Michael: Yeah, I have been there for some of those.

Kat: I know you have.

[Michael laughs]

Kat: So since we talked a little bit about Dumbledore, we’ll go on to this next comment from Lovelle, and it’s quite an interesting one. There’s a follow-up to it as well, so [the] comment says,

“I think that everything is still Dumbledore’s plan. He made sure that Fletcher [meaning Mundungus] would suggest this plan, so if something goes wrong (which something did go wrong) the blame would go to him and not to Snape. So the untrustworthiness would turn to [Mundungus], making everybody think that Snape is still someone the Order would trust even though he ‘tipped’ You-Know-Who. Since this, I think, is Dumbledore’s plan, the Order did this willingly.”

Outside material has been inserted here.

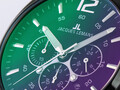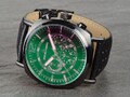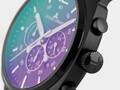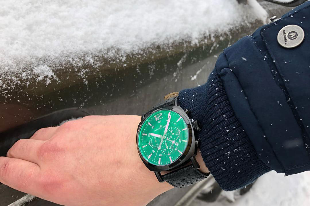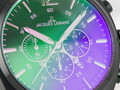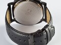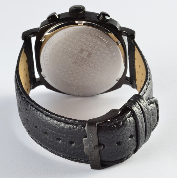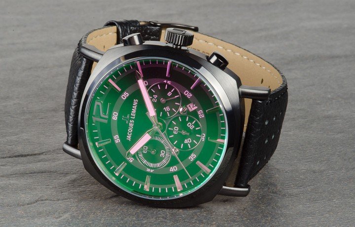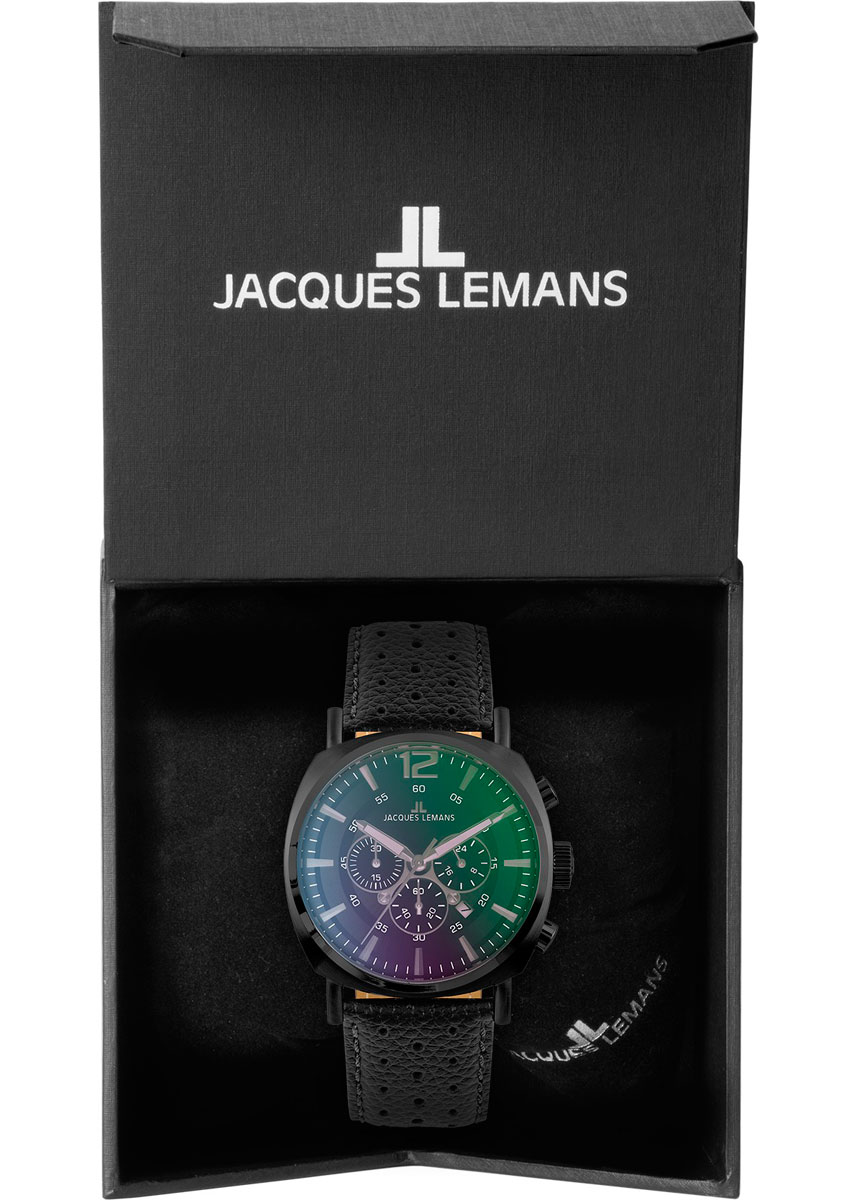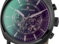 Стильный мужской кварцевый хронограф в стальном корпусе необычной формы. В центре циферблата дополнительный индикаторы 24-часов, 60-минутный накопитель, вынесенная секундная стрелка и окошко даты. Хорошо читаемые часовая и минутная стрелки покрыты специальным люминесцентным составом. В модели повышенная водозащита — 10 АТМ. На часах установлен черный ремешок из натуральной кожи с перфорацией.

And there was a really great follow-up from user Griff. It says,

“I like the idea that Dumbledore designed the plan to fail, in a way – he planned for it to be discovered. He knew he wanted Snape to tell Voldemort the basics but withhold the essentials, to keep his cover (as discussed in ‘The Prince’s Tale’). I feel like any of the plans discussed in the comments, while better for Harry’s safety, would have been harder to partially yet safely disclose to Voldemort. Snape’s cover is very important to the ultimate fulfillment of Dumbledore’s plan for Harry’s sacrifice and has to be protected.”

Michael: Stephanie, what is your view on Dumbledore’s omnipotent qualities? Do you think he sees it all, or do you think he has a limited view?

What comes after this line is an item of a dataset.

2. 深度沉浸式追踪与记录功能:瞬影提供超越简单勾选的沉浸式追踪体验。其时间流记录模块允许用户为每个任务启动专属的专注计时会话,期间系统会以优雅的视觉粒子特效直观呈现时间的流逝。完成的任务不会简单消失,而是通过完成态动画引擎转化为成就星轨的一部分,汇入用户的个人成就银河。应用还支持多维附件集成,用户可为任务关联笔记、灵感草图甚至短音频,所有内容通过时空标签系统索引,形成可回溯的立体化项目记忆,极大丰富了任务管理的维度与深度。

Stephanie: I’m a Dumbledore fan, so I really think that he does see it all.

Michael: So you would probably agree with this?

Stephanie: But not entirely because as much as I do like him, I think if he designed for it to fail so that people would play on Mundungus, I think that’s kind of mean.

[Michael laughs]

Stephanie: I mean, the thing that I would reference it against is that if Dumbledore had planned it so that Mundungus would take the fall for the issues, it’s like how the Death Eaters use Stan Shunpike to take the falls and everything because they sent him to Azkaban, and they use him in the “Seven Potters” chapter.

Michael: Do you think that’s something Dumbledore would be against, though?

Kat: I think the word you are searching for is “no.”

[Alison and Michael laugh]

Stephanie: Probably not. I mean, the thing is that I love Dumbledore, and in my brain, I just hope that he wouldn’t do that, but part of me is like, “He probably could because he kind of had Harry grow up just to die, so…”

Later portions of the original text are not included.